Exactly as written, output each of the lines below, with no images.
[[ Information shown, beginning ]]
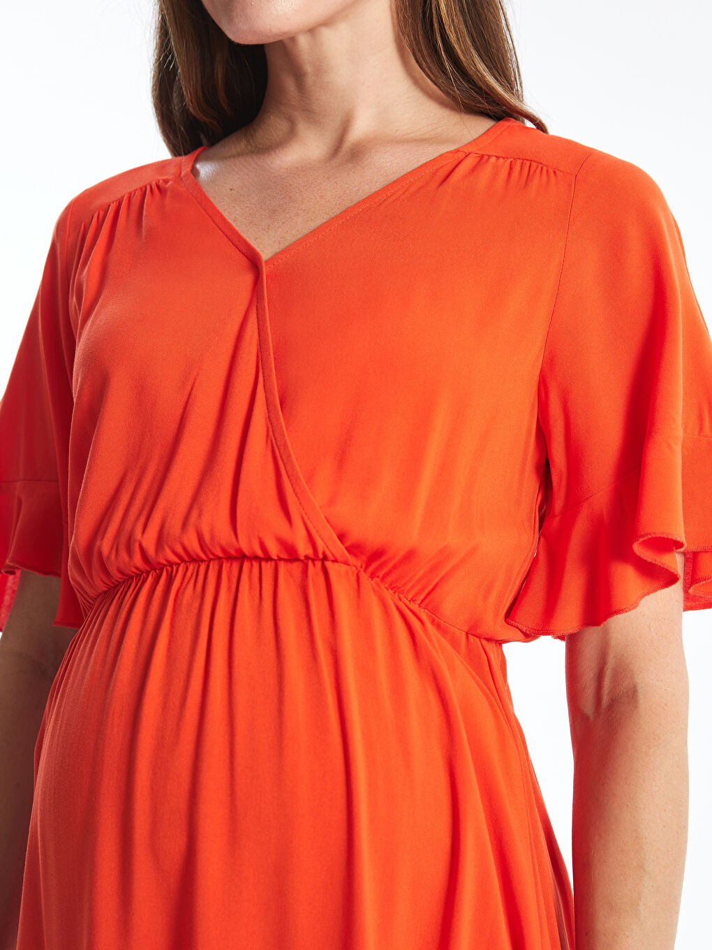 Turuncu Kruvaze Yaka Düz Kısa Kollu Hamile Elbise
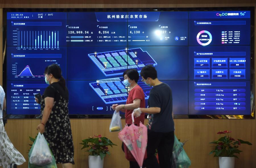 △浙江省杭州市的5G農(nóng)貿(mào)市場(chǎng)——駱家莊農(nóng)貿(mào)市場(chǎng)的大屏幕上實(shí)時(shí)顯示交易、客流等相關(guān)情況(2020年5月17日攝)。新華社記者 韓傳號(hào) 攝
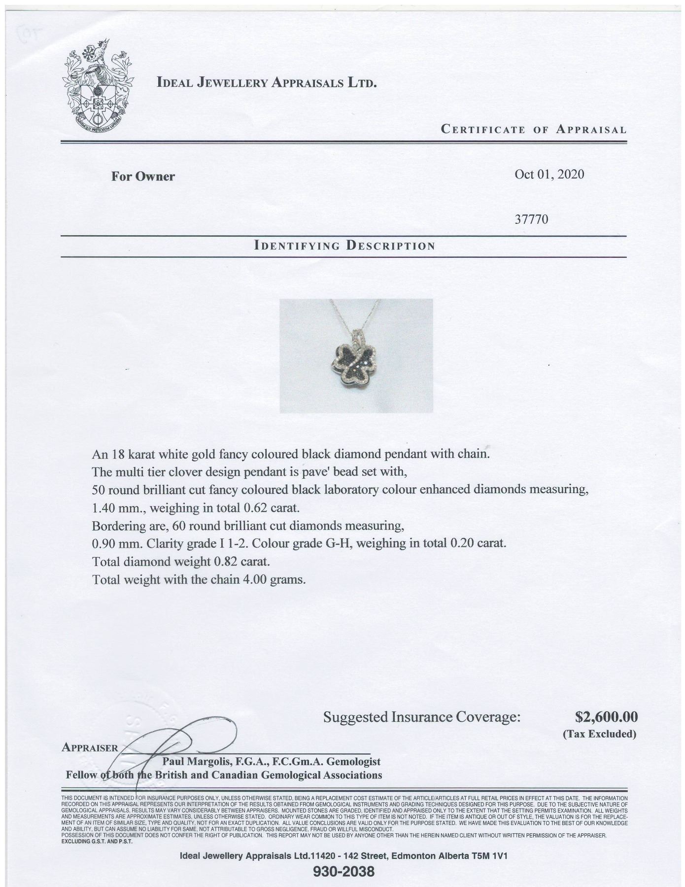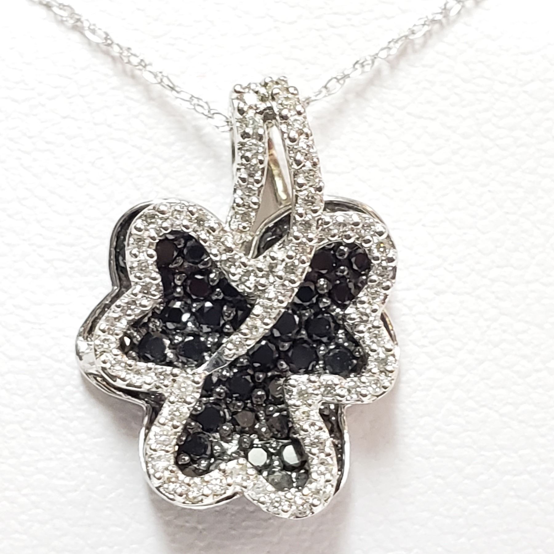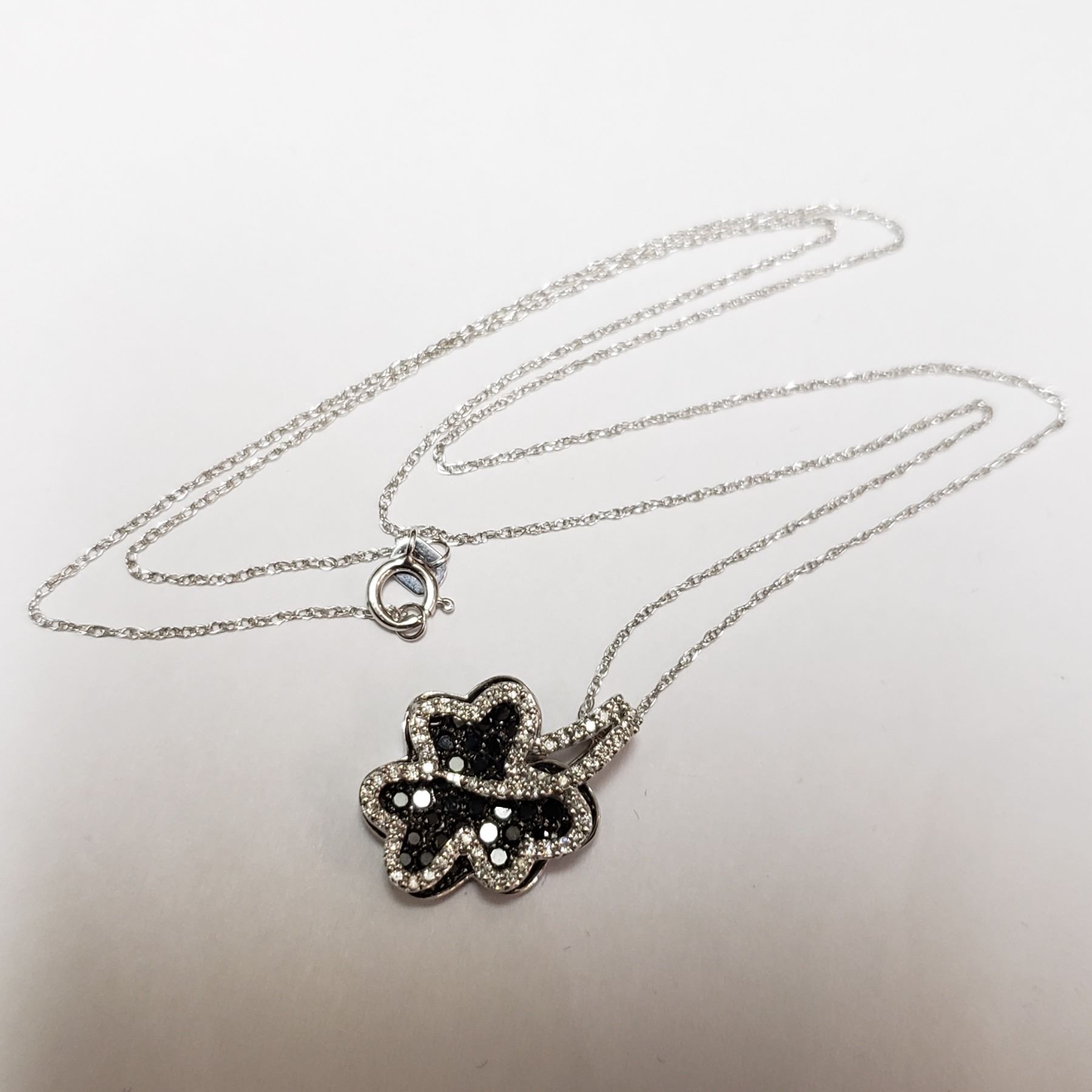 CHAIN. THE MULTI TIER CLOVER DESIGN PENDANT IS PAVE' BEAD SET WITH 50 ROUND BRILLIANT CUT FANCY COLORED BLACK LABORATORY COLOR ENHANCED DIAMONDS (MEASURING 1.40 MM., WEIGHING IN TOTAL 0.62 CARAT) BORDERING ARE 60 ROUND BRILLIANT CUT DIAMONDS(MEASURING 0.90 MM, CLARITY GRADE I 2, COLOR GRADE G-H, WEIGHING IN TOTAL 0.20 CARAT) COMES WITH CERTIFICATE OF APPRAISAL FROM LOCAL APPRAISER, SUGGESTED INSURANCE COVERAGE $2600.00. JEWELLERY
[[ Information shown, end ]]
▶ _The completed task_:
 Turuncu Kruvaze Yaka Düz Kısa Kollu Hamile Elbise
 △浙江省杭州市的5G農(nóng)貿(mào)市場(chǎng)——駱家莊農(nóng)貿(mào)市場(chǎng)的大屏幕上實(shí)時(shí)顯示交易、客流等相關(guān)情況(2020年5月17日攝)。新華社記者 韓傳號(hào) 攝
 CHAIN. THE MULTI TIER CLOVER DESIGN PENDANT IS PAVE' BEAD SET WITH 50 ROUND BRILLIANT CUT FANCY COLORED BLACK LABORATORY COLOR ENHANCED DIAMONDS (MEASURING 1.40 MM., WEIGHING IN TOTAL 0.62 CARAT) BORDERING ARE 60 ROUND BRILLIANT CUT DIAMONDS(MEASURING 0.90 MM, CLARITY GRADE I 2, COLOR GRADE G-H, WEIGHING IN TOTAL 0.20 CARAT) COMES WITH CERTIFICATE OF APPRAISAL FROM LOCAL APPRAISER, SUGGESTED INSURANCE COVERAGE $2600.00. JEWELLERY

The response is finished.